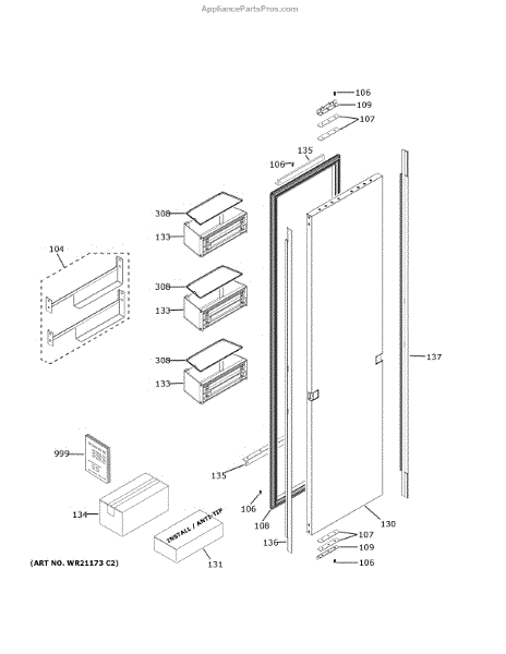 This hinge-side door trim covers and protects the edge of the refrigerator door where the hinge mounts, restoring a clean finished appearance and replacing cracked or missing trim pieces. What it does
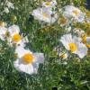 A lovely Tree Poppy with large white crepe-paper flowers in July to September
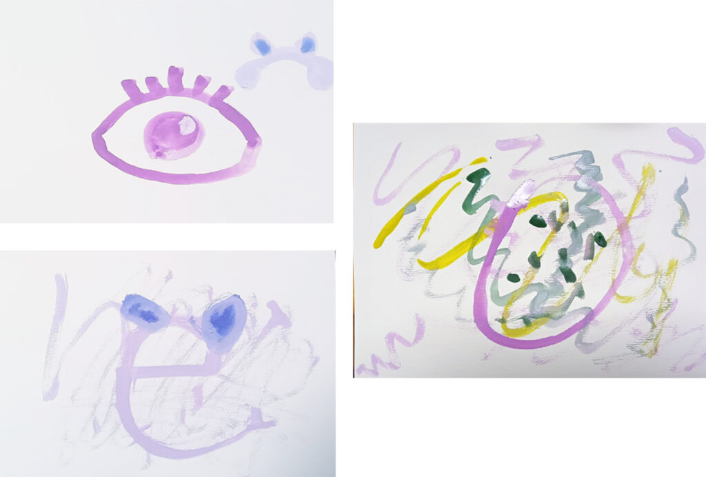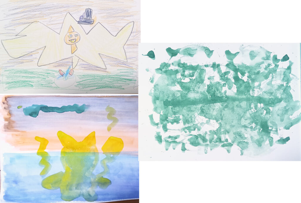写真-3 Tくんの絵、3枚。全体の雰囲気を味わっている感じです。
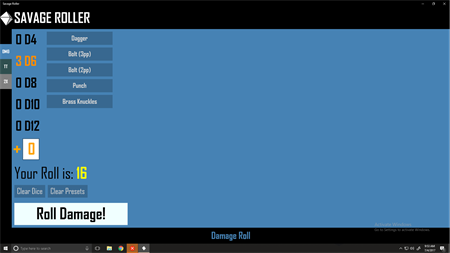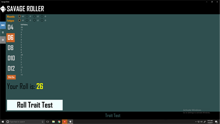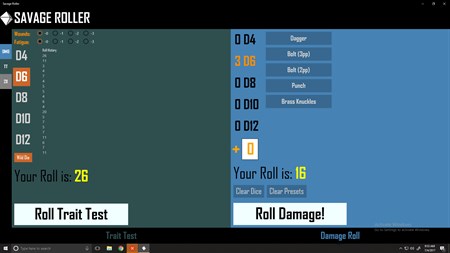 Savage Roller is a Savage Worlds dice-rolling utility for GMs and players alike. Swap between Trait Tests and Damage rolls
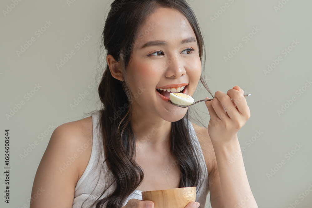 豚の貯金箱をもち喜ぶ家事代行の女性作業員

- Problem to solve: Could the entries above be copied out exactly, with no pictures included?

- Answer to the exercise:
 This hinge-side door trim covers and protects the edge of the refrigerator door where the hinge mounts, restoring a clean finished appearance and replacing cracked or missing trim pieces. What it does
 A lovely Tree Poppy with large white crepe-paper flowers in July to September
写真-3 Tくんの絵、3枚。全体の雰囲気を味わっている感じです。
 Savage Roller is a Savage Worlds dice-rolling utility for GMs and players alike. Swap between Trait Tests and Damage rolls
 豚の貯金箱をもち喜ぶ家事代行の女性作業員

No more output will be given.